Other Errors logged are:
=========================
grep "OSError" /var/log/glusterfs/geo-replication-slaves/9c0db153-6b18-4b92-bcbd-8448fba042ce\:gluster%3A%2F%2F127.0.0.1%3Aslave.log
OSError: [Errno 107] Transport endpoint is not connected: '.gfid/00546903-6a61-4ede-a703-7a00a5f3b22f/X11/fontpath.d'
OSError: [Errno 107] Transport endpoint is not connected: '.gfid/72fc70a8-ecad-4f2e-80a6-605ab1d5681e/redhat-lsb'
raise OSError(errn, os.strerror(errn))
OSError: [Errno 117] Structure needs cleaning
OSError: [Errno 107] Transport endpoint is not connected: '.gfid/547f2de5-7971-4323-837e-6ecf308a36c9/cluster/cman-notify.d'
raise OSError(errn, os.strerror(errn))
OSError: [Errno 117] Structure needs cleaning
OSError: [Errno 117] Structure needs cleaning: '.gfid/53c7d4b5-a4cb-4b77-bac8-d9476b77dec1/rhsm/pluginconf.d'
Version-Release number of selected component (if applicable):
==============================================================
glusterfs-3.7.1-5.el6rhs.x86_64
How reproducible:
=================
Always
Steps to Reproduce:
===================
1. Create Master Cluster with 4 nodes
2. Create Slave Cluster with 2 nodes
3. Create and Start Master volume (4x2)
4. Create and Start Slave volume (2x2)
5. Create and Start Meta Volume (1x3)
6. Create password-less ssh between node1 of master to node1 of slave
7. Create geo-rep session between master and slave
8. Config the session to use_meta_volume true
9. Start the geo-rep session
10. Mount the master and slave volume on client (Fuse & NFS)
11. From the fuse mount of master volume create data. I used:
for i in {1..10}; do cp -rf /etc etc.$i ; done
for i in {1..100}; do dd if=/dev/zero of=$i bs=10M count=1 ; done
for i in {1..10}; do cp -rf /etc r$i ; done
12. From NFS mount of master volume create data. I used:
for i in {11..20}; do cp -rf /etc arm.$i ; done
for i in {1..200}; do dd if=/dev/zero of=nfs.$i bs=1M count=1 ; done
13. Wait for files to sync to slave. Mount the slave volume and check arequal/ ls -lRT | wc etc.
14. Once the files are synced successfully.
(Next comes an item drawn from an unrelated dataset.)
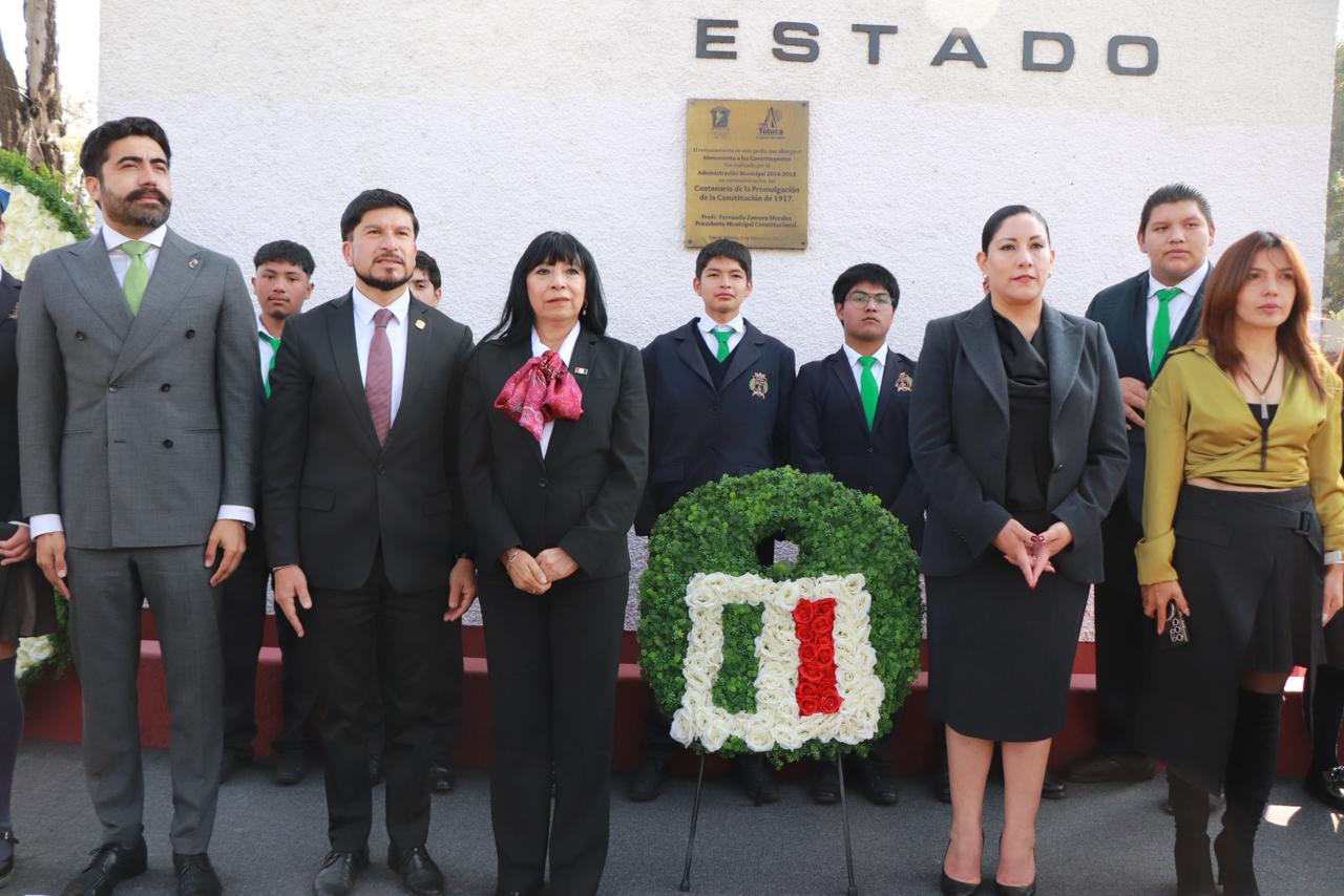 Toluca, Méx.– En representación de la Gobernadora Delfina Gómez Álvarez, la Secretaria de las Mujeres, María Esther Rodríguez Hernández, presidió la Ceremonia Conmemorativa por los aniversarios 169 y 109 de la Promulgación de las Constituciones Federales de 1857 y 1917, realizada en el Monumento en Memoria de los Constituyentes, en la ciudad de Toluca.
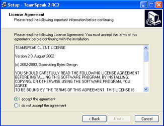 3- Une fenêtre vous demande si vous voulez installer TeamSpeak 2, vous mettez oui. Une autre fenêtre apparaît, vous cliquez sur "next". C'est alors qu'on vous demande d'acceptez la license. Vous sélectionnez alors "i accept the agreement" et vous cliquez sur "next".

Do "rm -rf arm.*" from fuse mount and "rm -rf r*"
In a while you should start seeing lot of errors on Master log file and Slave log file.
Master File Location:
=====================
/var/log/glusterfs/geo-replication/master/
Slave File Location:
====================
/var/log/glusterfs/geo-replication-slaves/
One of the main issue of "Directory not empty" error on slave is the race between the changelogs which are written to the slave.
Eg: A volume has 2 subvols. There is a single directory dir1 with a single file file1 hashing to subvol2.
changelog for subvol1 has - rmdir(Dir1)
changelog for subvol2 has - rm file1 followed by rmdir(Dir1)
However if changelog for subvol1 is carried out before subvol2, it would result in deleting Dir1, without deleting file1. Hence we get "Directory not empty" error on slave.